GB2357397A

GB2357397A - Method of locating a mobile unit in a low coverage area of a cellular telephone system

Info

Publication number: GB2357397A
Application number: GB9929626A
Authority: GB
Inventors: Brendan Patrick Ludden; Luis Lopes
Original assignee: Motorola Ltd
Current assignee: Motorola Solutions UK Ltd
Priority date: 1999-12-16
Filing date: 1999-12-16
Publication date: 2001-06-20
Anticipated expiration: 2019-12-16
Also published as: GB9929626D0; GB2357397B

Abstract

A method for providing increased communications coverage to a mobile station (MS) (14) for measurement of transmissions therefrom, e.g. for location, uses a sufficient number of remote stations (RS) (16,18) typically other mobile stations within communications range of the MS (14) so that the number of BTSs (10) and RSs (16,18) within communications range of the MS (14) collectively number at least three. A paging message is sent from the BTS (10) to each of the RSs (16,18) via a stand-alone dedicated control channel (SDCCH), each paging message including at least one temporary mobile subscriber identity number (TMSI) identifying a destination RS (16,18) for the paging message and at least one pseudo-TMSI comprising instructions to the destination RS (16,18) to measure a transmission from the MS (14). A measurement is taken at each of the RSs (16,18) and sent to the BTS (10) via the SDCCH during the setup of the call. The measurement may relate to time of arrival of transmissions from the MS (14). The invention is useful as a technique for locating the position of a MS without the need for it to be within communication range of at least three base transceiver stations.

Description

2357397 METHOD AND APPARATUS FOR ENHANCEMENT OF LOW-COVERAGE AREAS IN

SUPPORT OF MOBILE STATION MEASUREMENT TECHNIQUES IN A CELLULAR TELEPHONE SYSTEM

FIELD OF THE INVENTION

The present invention relates to wireless communication systems in general, and more particularly to methods and apparatus for enhancement of low- coverage areas in support of mobile station measurement techniques in a cellular telephone system.

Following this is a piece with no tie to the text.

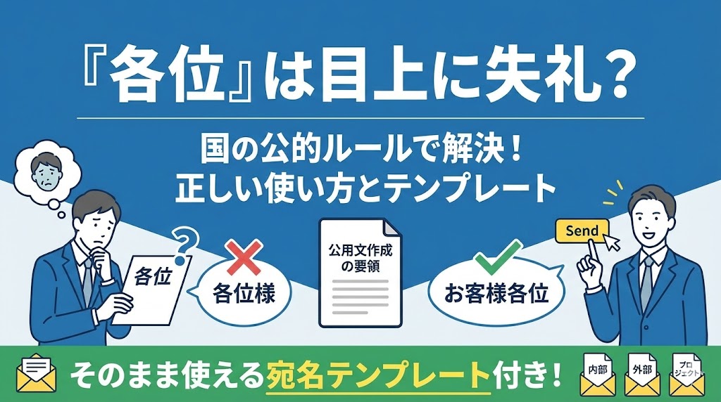 「各位」の正しい使い方を解説|「様」が不要な理由とコピペOKなシーン別テンプレート
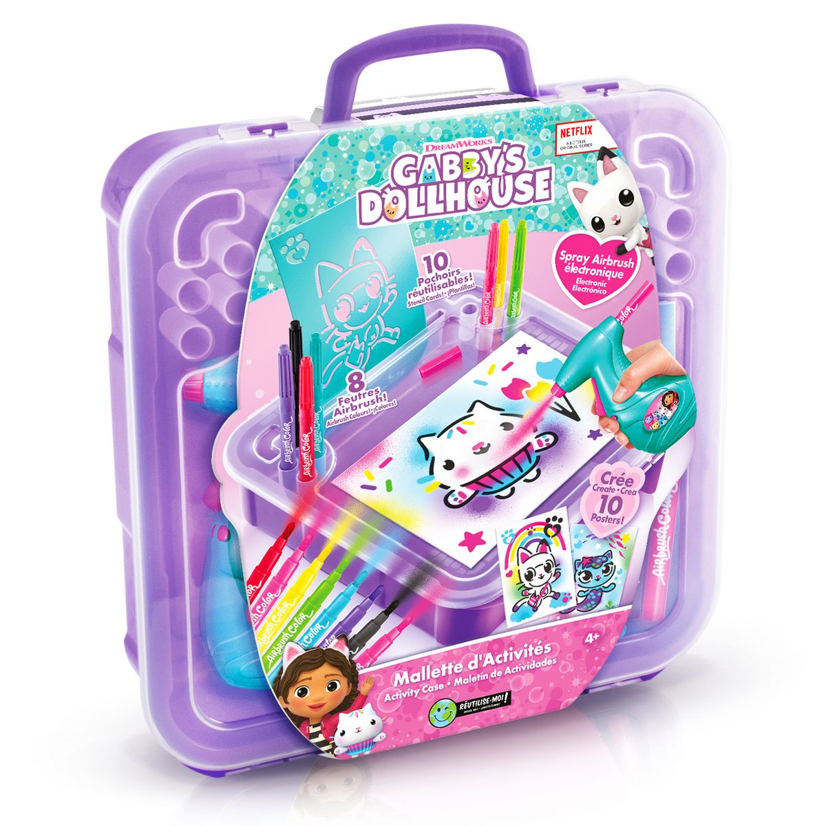 Crée d'adorables dessins avec la mallette Gabby et la Maison Magique ! Elle contient tout ce qu'il te faut pour créer des dessins uniques : spray électronique, feutres, pochoirs, feuilles… Ré-utilise la mallette pour ranger et transporter tes dessins !

BACKGROUND OF THE INVENTION

Methods and apparatus for providing measurements of mobile stations (MS) in a cellular telephone network, such as determining the location of a mobile station (MS), are well known in the art. In one method, known as hyperbolic trilateration, at least three base transmission stations (BTS) at known locations send transmissions to an MS whose location is to be determined. The time of arrival (TOA) of each of the transmissions at the MS is noted according to the MS internal clock, and the time difference of arrival (TDOA) of transmissions from at least two different pairs of BTSs is calculated. Where the BTSs transmit in synchronicity, a hyperbola may be demarcated between each BTS pair by presenting multiple solutions for each transmission's time of flight (TOF). The intersection between two hyperbolae indicates the estimated location of the MS.

Where the BTSs transmit asynchronously, such as in a cellular telephone system based on the Global System for Mobile Communications (GSM), the hyperbolae may be demarcated once the BTS transmission time offsets are calculated by making TDOA measurements at a known position, such as via a Location Measurement Unit (LMU) as is known for Enhanced Observed Time Differential (EOTD) systems.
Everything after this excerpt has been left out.